投薬治療を開始してから、その薬が物足りなくなり、薬の増量や違う薬を求めたとき、それまでの服用期間の50%以上の期間をかけてゆっくり減薬して断薬します。
臨床現場でGABA-A受容体の状態をモニタリングしていないのが最大の問題です。患者を医師の主観を通して判断しているだけす。
GABA-A受容体作動薬は手っ取り早く結果が出ますが、問題の解決になっていません。借金の先送りみたいなものです。時間稼ぎしている間に何もしなければ、後はもっと苦労します。
悩ましい問題
別の診療科の医師が処方している薬を止めさせると、想定外の悪いことが起きた時に責任を追いきれません。それを防ぐには、その診療科の医師に連絡し意見交換し、可能であれば薬の減薬をお願いするのが良いと考えられます。
GABA-A受容体は興奮伝達を調節する部位で、そこにベンゾジアゼピン系などのGABA-A受容体作動薬が結合すると、興奮伝達を抑制します。GABA-A受容体作動薬は減薬時に、処方目的と反対の結果が起きることが多い。それを離脱症状といいます。GABA-A受容体は薬に長期間干渉されると、薬の効果を無力化するために減少したり、鈍感になります。その状態で減薬すると興奮を抑制しにくくなります。いきなり断薬するのは慎重さに欠けた判断です。GABA-A受容体作動薬の減薬は、離脱症状を感じさせない程度の量を患者と相談しながら決める地道な作業です。GABA-A受容体作動薬の減薬に詳しくないと判断を大きく間違えます。
薬を止めさせても改善しなければ、この薬は関係なかったと分かるのですが、時間がかかります。

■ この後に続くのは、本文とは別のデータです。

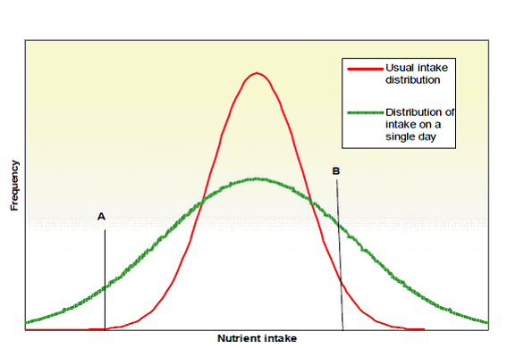 Figure 1 shows, in general terms, a population nutrient intake from a single day compared to a usual intake, and a general comparison to reference cut points which could represent NRVs. If cut-points A and B are set on the basis of long term or usual intakes, comparisons with unadjusted single day intakes are misleading. In the figure below, if cutpoint A was representative of a requirement for nutrient adequacy, the area below the red line and to the left of cutpoint A would represent the prevalence of inadequate intakes (see 1.3 Reporting against Nutrient Reference Values). If cutpoint B was representative of an upper safe level, the area to the right of cutpoint B and below the red line would represent the proportion at risk of adverse effects from excess intake. Although the means of the two distributions are similar, comparison of the unadjusted single day distribution (green line) to the cutpoints in place of the usual intake distribution (red line) misleadingly shows a greater proportion of the population below cutpoint A, and above cutpoint B. Adjusted intakes are also used to more accurately determine percentiles of usual population nutrient intakes.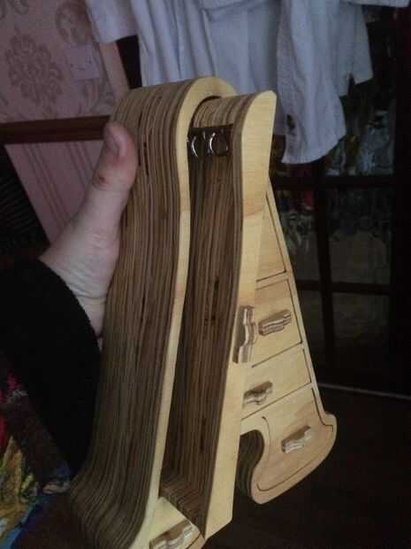En una caja como la letra A donde la izquierda no es lo suficientemente grande como para hacer un cajón me cortar formas largo y añadido algún tornillo en ganchos para colgar collares o pulseras.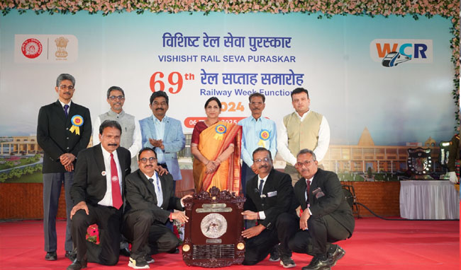 पश्चिम मध्य रेलवे के 69वें रेल सप्ताह समारोह के अंतर्गत महाप्रबंधक श्रीमती शोभना बंदोपाध्याय महोदया द्वारा विशिष्ट रेल सेवा पुरस्कार आवंटित किये गये| इस अवसर पर जबलपुर में आयोजित भव्य समारोह में रेल कर्मचारियों एवं भोपाल, जबलपुर और कोटा मंडल के विभिन्न विभागों को उनके उत्कृष्ट कार्यों के लिए पुरस्कृत किया गया। वित्तीय वर्ष 2023-24 के लिए भोपाल मंडल को कुल 6 दक्षता शील्ड प्राप्त हुई हैं, जो मंडल की उत्कृष्ट सेवाओं और प्रयासों को दर्शाती हैं।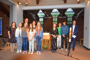 Der letzte Schultag begann traditionell mit dem Abschlussgottesdienst. Dieser war unter dem Motto „Offene Augen – weites Herz“ von Nancy Kramolisch und Verena von Busekist gestaltet worden. Thematisch ging es um das Füreinanderdasein, das einander Zuhören und das einander Helfen. Hanna Steck las die Geschichte vom barmherzigen Samariter aus dem Lukas-Evangelium. Auch wenn es einmal eine Situation geben sollte, in der einem scheinbar niemand zur Seite steht, gibt es auf jeden Fall Gott, der einem beisteht und einen sieht.

GABA-A受容体作動薬の悪影響を判定する為には、服用期間の50%は必要になるかもしれません。
このような混乱を防止するためには、GABA-A受容体作動薬の連用を制限するか、GABA-A受容体を検査する体制を整えるしか無いと思います。コストの面では前者のほうが安く済みます。
精神医療の投薬治療の問題点は、なんとなく向精神薬を処方して、なんとなく判断していることで、脳神経を具体的に検査していません。そのような検査はお金も時間もかかる上、すべてを判断することもできません。ベンゾジアゼピン薬害裁判を傍聴して分かったことは、医師が判断したことは証拠になるが、患者側の考えは証拠にならないので、具体的に証拠を示す必要があることです。具体的な証拠を示していないのは医師も同じなのですが、権威的な医師が意見書を出せば裁判官は信用してしまいます。
ベンゾジアゼピン薬害問題は医学とか薬学とかの問題ではなく、自分で考えて判断することを放棄した人間が、代わりに判断してもらう過程で起きた必然的な現象です。
感謝
若倉雅登 様の勇気あるご指摘に感謝いたします。